# 20 guage



## predator hunter (May 4, 2006)

would a 20 guage be to much on squirrels and rabbits?


----------



## Brower (Mar 10, 2006)

No, perfect for rabbits....maybe a lil strong on squirrls but hopefully if your planning on eating them try and get as much of the shot into the head that way you dont ruin to much meat.


----------



## predator hunter (May 4, 2006)

thanks for the info


----------



## Brower (Mar 10, 2006)

no problem


----------



## Remington 7400 (Dec 14, 2005)

Yes a 20 is a great squirrel gun. Don't know where you guys are hunting but a .410 don't reach up into the tops of the oaks and hickories here in Kentucky worth a $hit. Most of the guys you see hunting here actually prefer the 12 ga. Full chokes and high brass number 6's, talk about bang flop! :lol:


----------



## predator hunter (May 4, 2006)

lol. I have a 410 and I have the same problem. :sniper:


----------



## Gohon (Feb 14, 2005)

I often use a 20 gauge full choke, sometimes mod choke but have pretty much gone to #4 shot for squirrels.
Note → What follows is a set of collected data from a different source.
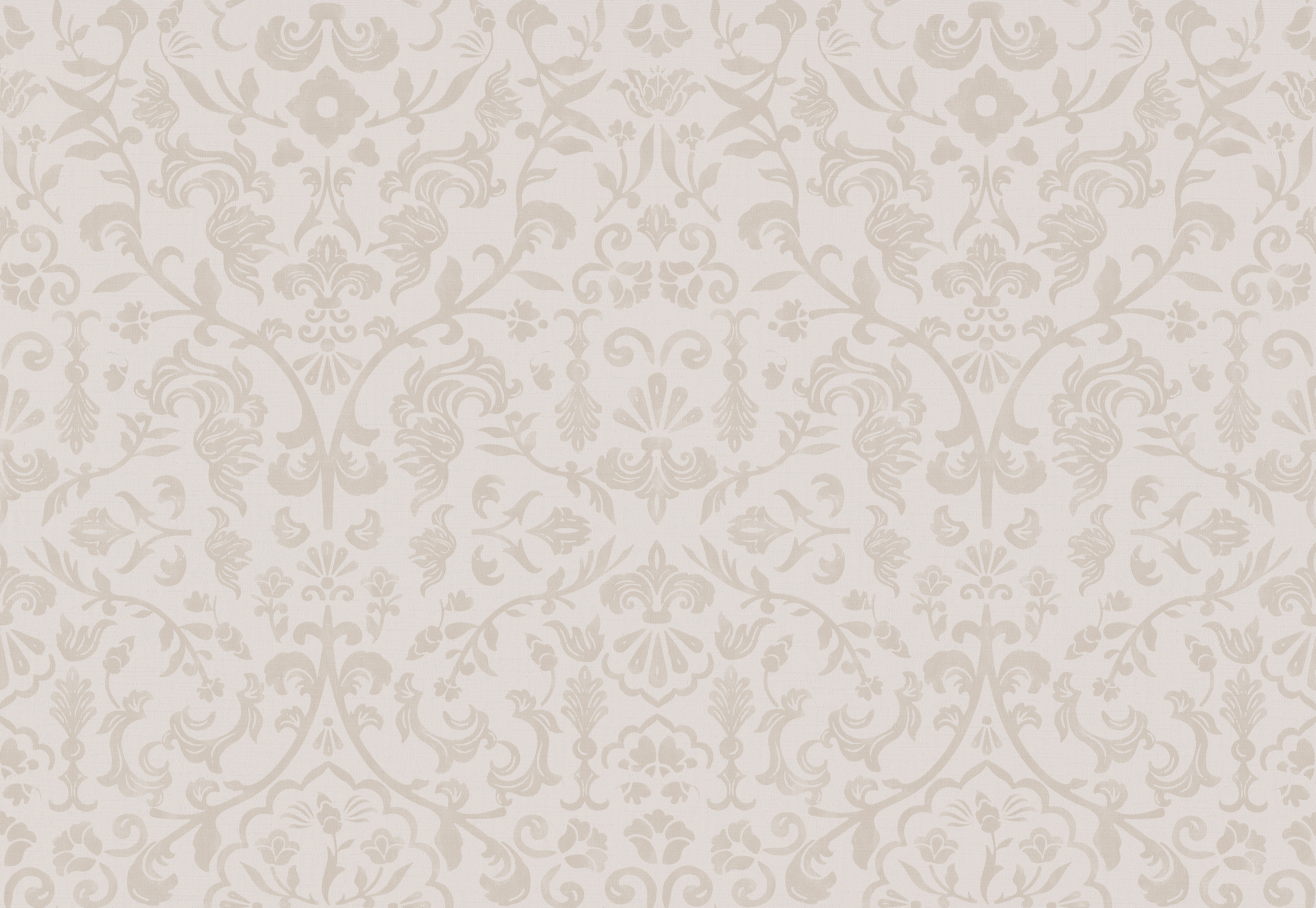 EMPRESS FILIGREE reimagines botanical damask with William Morris and Rococo influences. Flowing vines, scrolls, and floral motifs form a soft Regency-inspired framework, enriched by silk texture-evoking romantic gardens, timeless opulence, and stylized blooms.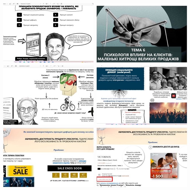 Здобувачі ознайомилися з методами психологічного впливу на клієнтів для збільшення продажів. У яскравій презентації були детально розглянуті хитрощі, які допомагають сформувати позитивне враження у клієнта та підштовхнути його до покупки: принцип дефіциту; принцип соціального доказу; принцип авторитету, принцип симпатії, принцип взаємного обміну, принцип контрасту, колір і дизайн, історія бренду та інші.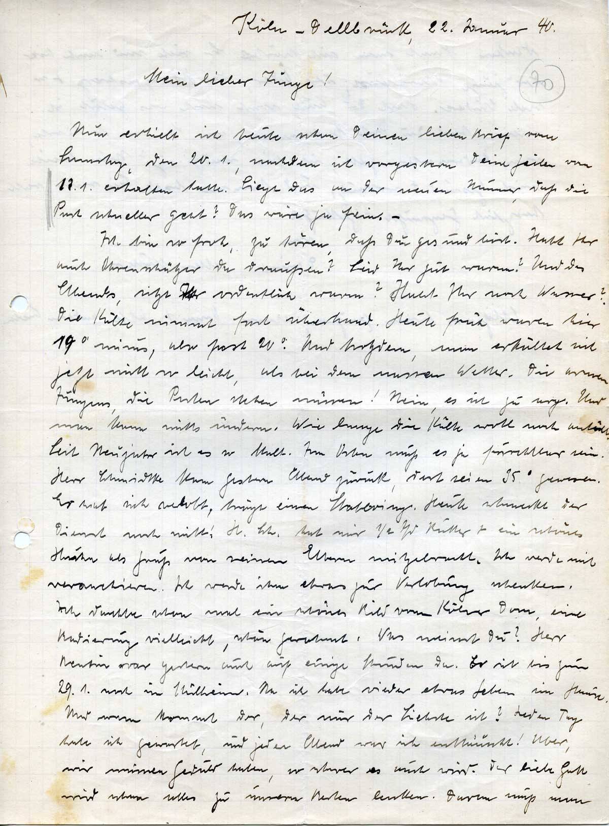 Ich bin so froh, zu hören, daß Du gesund bist. Habt Ihr auch Ohrenschützer da draußen? Seid Ihr gut warm? Und des Abends, sitzt Ihr ordentlich warm? Habt Ihr noch Wasser? Die Kälte nimmt fast überhand. Heute früh waren hier 19° minus, also fast 20°. Und trotzdem, man erkältet sich jetzt nicht so leicht. als bei dem nassen Wetter. Die armen Jungens, die Posten stehen müssen! Nein, es ist zu arg. Und man kann nichts ändern. Wie lange die Kälte wohl noch anhält. Seit Neujahr ist es so kalt. Im Osten muß es ja furchtbar sein. Herr Schmidtke kam gestern Abend zurück, dort seien 35° gewesen. Er hat sich verlobt, trägt einen Stahlring. Heute schmeckt der Dienst noch nicht! H. Sch. hat mir ½ Pfd. Butter + ein schönes Huhn als Gruß von seinen Eltern mitgebracht. Ich werde mich revanchieren. Ich werde ihm etwas zur Verlobung schenken. Ich dachte schon mal ein schönes Bild vom Kölner Dom, eine Radierung vielleicht, schön gerahmt. Was meinst Du? Herr Bentin war gestern auch auf einige Stunden da. Er ist bis zum 29.1. noch in Mülheim. Na ich habe wieder etwas Leben im Hause. Und wann kommt der, der mir der Liebste ist? Jeden Tag habe ich gewartet, und jeden Abend war ich enttäuscht! Aber, wir müssen Geduld haben, so schwer es auch wird. Der liebe Gott wird schon alles zu unserem Besten lenken. Daran muß man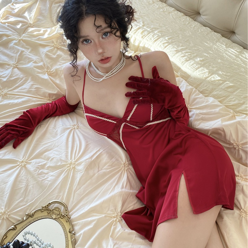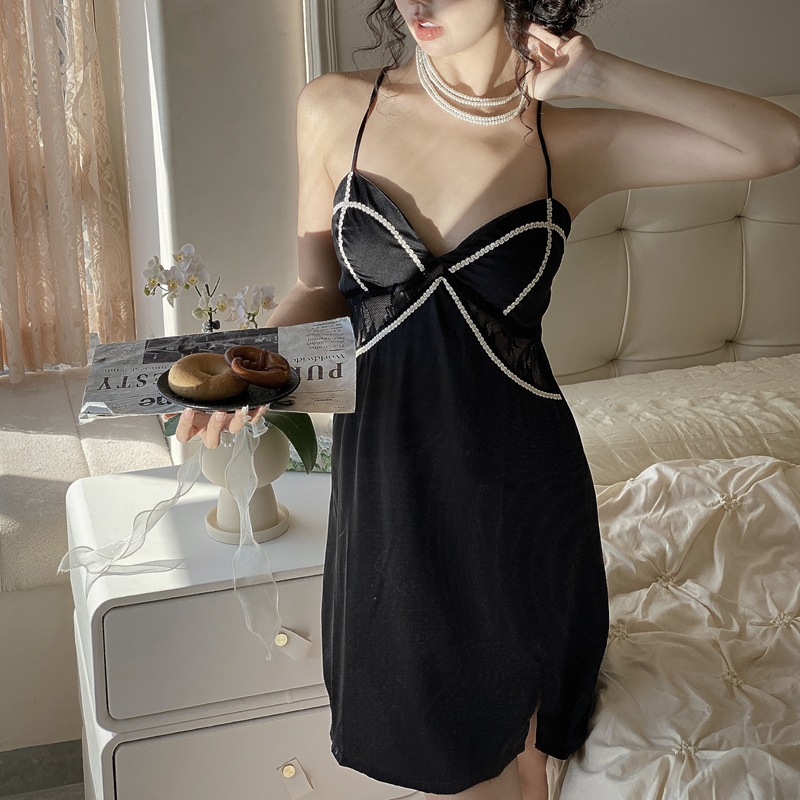 섹시한 잠옷 여성의 여름 아이스 실크 슬링 나이트 드레스 레이스 다시 섹시한 유혹 시뮬레이션 실크 홈 의류 크로스 테두리스토어 가기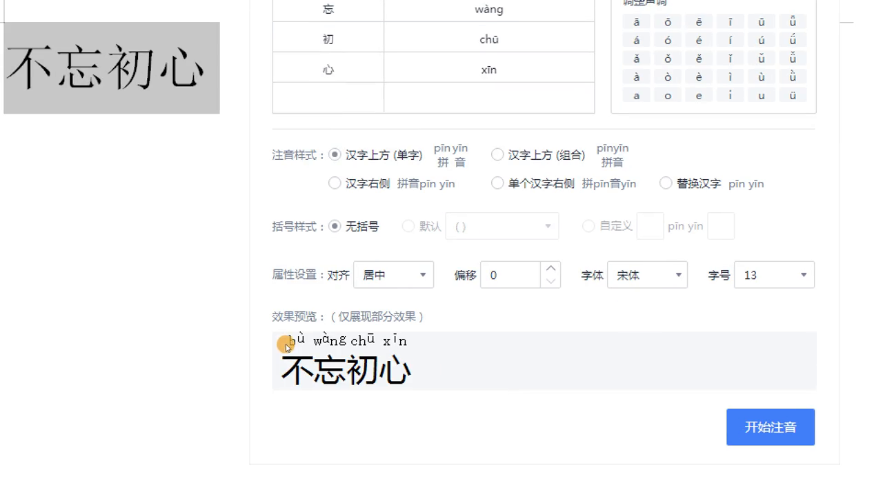 这样拼音是存在的,这字就没有了。看看效果,别的都默认不用动,点击开始注音,恢复一下不忘初心,这就是看拼音写词语的效果。放大一下,大家看清楚一下,不忘初心就给孩子制作看拼写词语,那样提单就特别实用。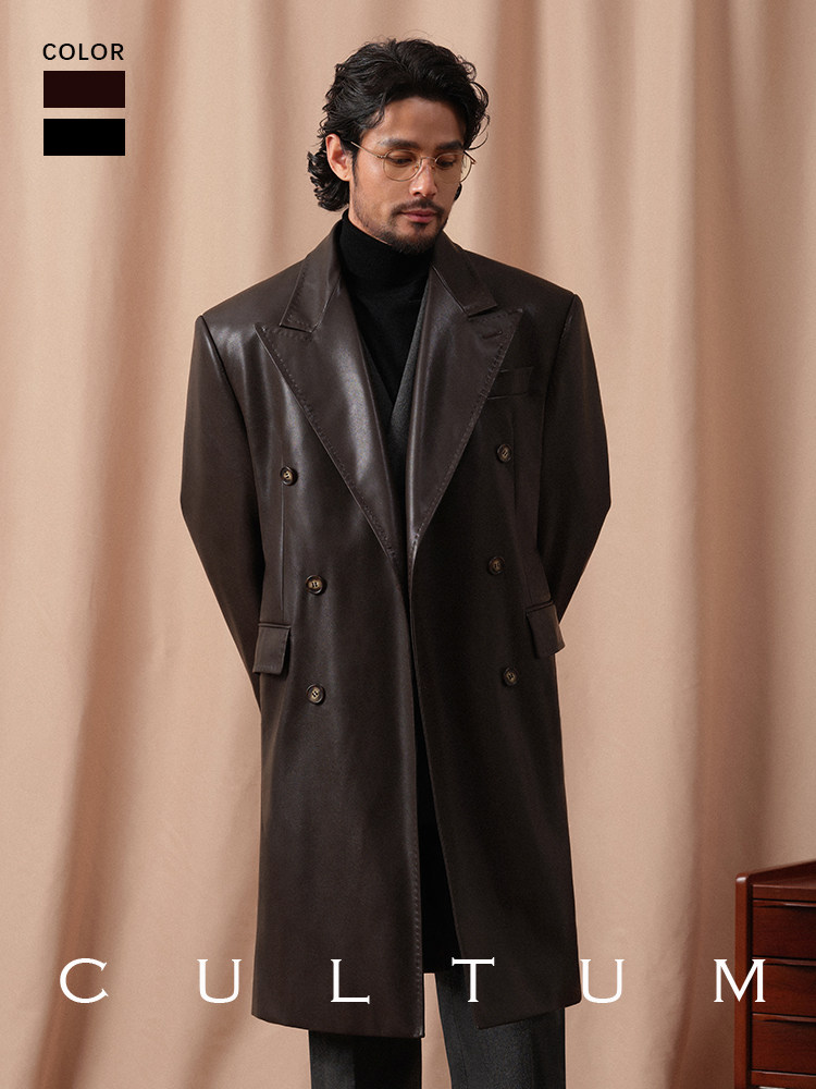 Cultum Peaked Lapel Double-Breasted Chester Leather Coat Men's Mid-Length Casual Retro Solid Color Jacket Autumn and Winter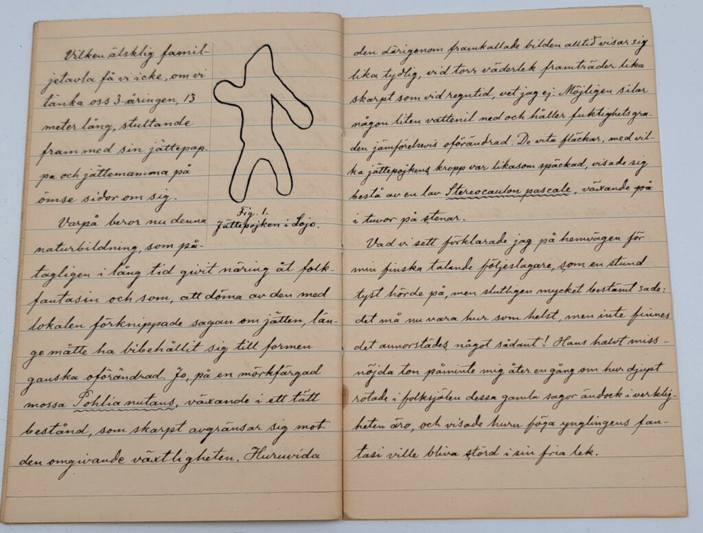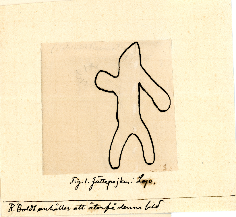 Robert Boldt upptecknade denna historia som berättats länge i Lojo och publicerade den i tidskrifter Hembygden år 1910.Han besökte själv platsen och gjorde noggranna anteckningar. Han ritade också av ”jätten” men trodde själv att ”naturbildningen” berodde på mossa och lav.

Reason being is less shot with the #4's but great penetration. It only takes a few pellets to down a squirrel and if you pattern your gun you can actually learn to take the squirrel with the edge of the pattern which usually puts the shot in the head and shoulders only. Of course if he just has his head poked out it is a straight on shot. Ditto for rabbits. Number 4's or 5's are my choice but #6's work well also............ I just like the larger shot for less meat damage. Wouldn't use anything smaller than that though unless you like picking lead from your teeth. Thing is, pattern your shotgun so you know where it shoots.


----------



## FishnNut1956 (Nov 29, 2006)

Yes, a 20 would work great. I have used a 12 with a full choke for years. I wouldn't say that I never ruin any meat, but I usually get the head shot. Knowing your pattern is the key, in my opinion, to successful hunting with the shotgun. 
I'm trying a .22 now, but may go back to the shotgun, unless I get a dog.


----------